Saddam Hussein’s Iraq
At the end of 2010 the UN Security Council voted to lift the vast majority of sanctions imposed on Iraq during the era of Saddam Hussein. It was quite a journey from 1991 – when Hussein first dispatched his forces across the Iraq-Kuwait border – to December 2010 when sanctions were, more or less, lifted. “Iraq is on the cusp of something remarkable – a stable, self-reliant nation,” said US vice president Joe Biden at the time. However, the combination of air attacks on the country and sanctions had a devastating impact on much of the population, with an estimated death toll of infants under the age of five between 700,000 and 880,000. Iraq is a case in point of how many who belonged to its brutal regime could – if they had influence or money – buy their way around many of the measures. “Smart” or “targeted” sanctions were developed against Iraq’s rulers: personal computers, tractors, x-ray equipment for airports and hospitals, irrigation, sewage and water filtration systems, medicine plus cars for personal use; all such items were waved through as opposed to military or “dual-use” goods. Sanctions busting is taken seriously in the UK. In February 2011, two ex-directors of one of the UK’s largest privately-owned companies, bridge building operator Mabey & Johnson Ltd, were both jailed and fined for sanctions offences relating to contracts involving the construction of prefabricated bridges in Iraq. It was discovered that Mabey & Johnson had agreed to pay kickbacks to the Iraqi government to help them win a €4.2m contract for 13 bridges through the Oil-for-Food Programme.

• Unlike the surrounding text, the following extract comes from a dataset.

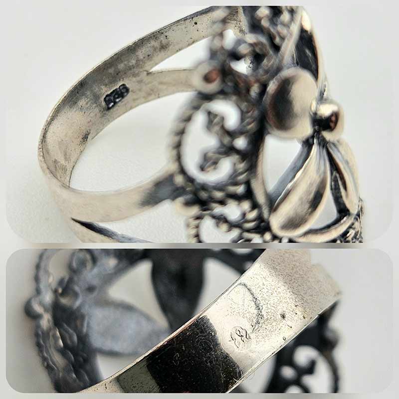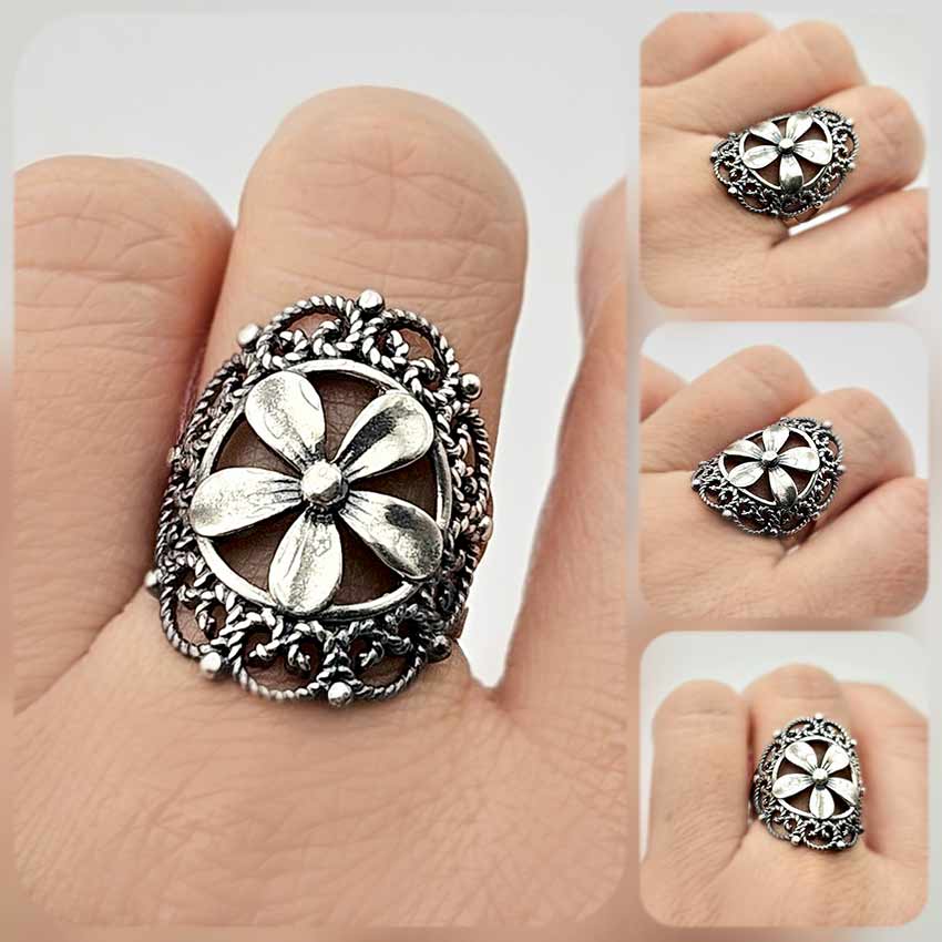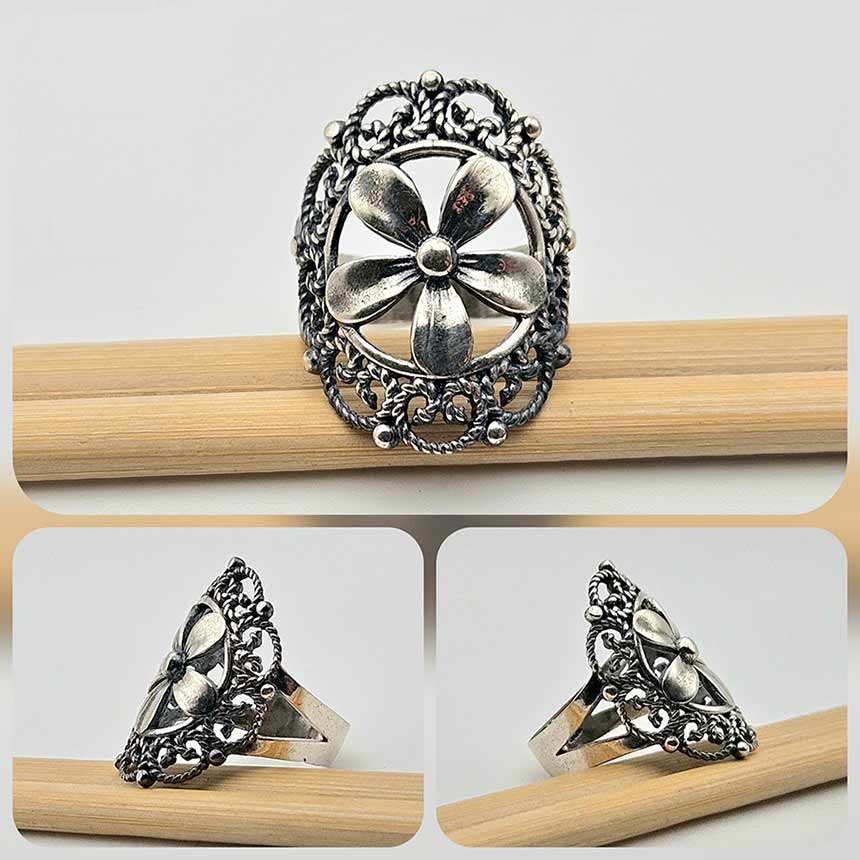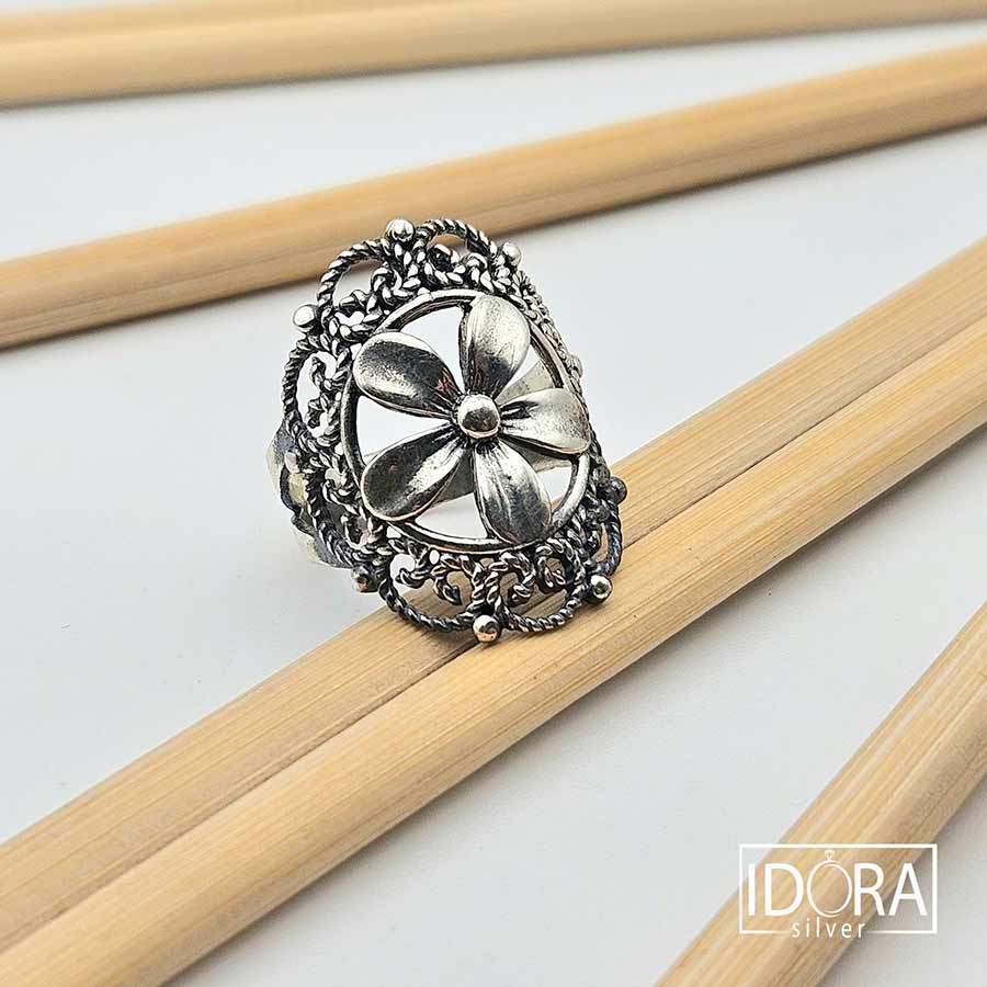 Миниатюрен скулптурен свят със стилизирано цвете рамкирано с орнаменти, вплетени в изящни филигранни извивки, напомнящи тайна градина, съхранена в широка деликатна композиция.

Thomas Jefferson’s trade problem
Trade sanctions were deployed as far back as the 18th century when US President Jefferson established an embargo – at the time called ‘discriminatory duties’ – on all US trade with Europe to protest against attacks on US merchant ships. Like so many sanctions, it proved ineffectual – and dramatically curbed US trade in commercial centres like New York and Philadelphia. Both suffered profoundly as a consequence. In fact, the reduction of America’s cotton exports was actually welcomed by many UK merchants, many of whom had warehouses packed-to-bursting with US cotton; previous oversupply fears were promptly wiped out. By early 1809 the US Embargo Act was lifted and trade with all ports was resumed – except with Britain and France.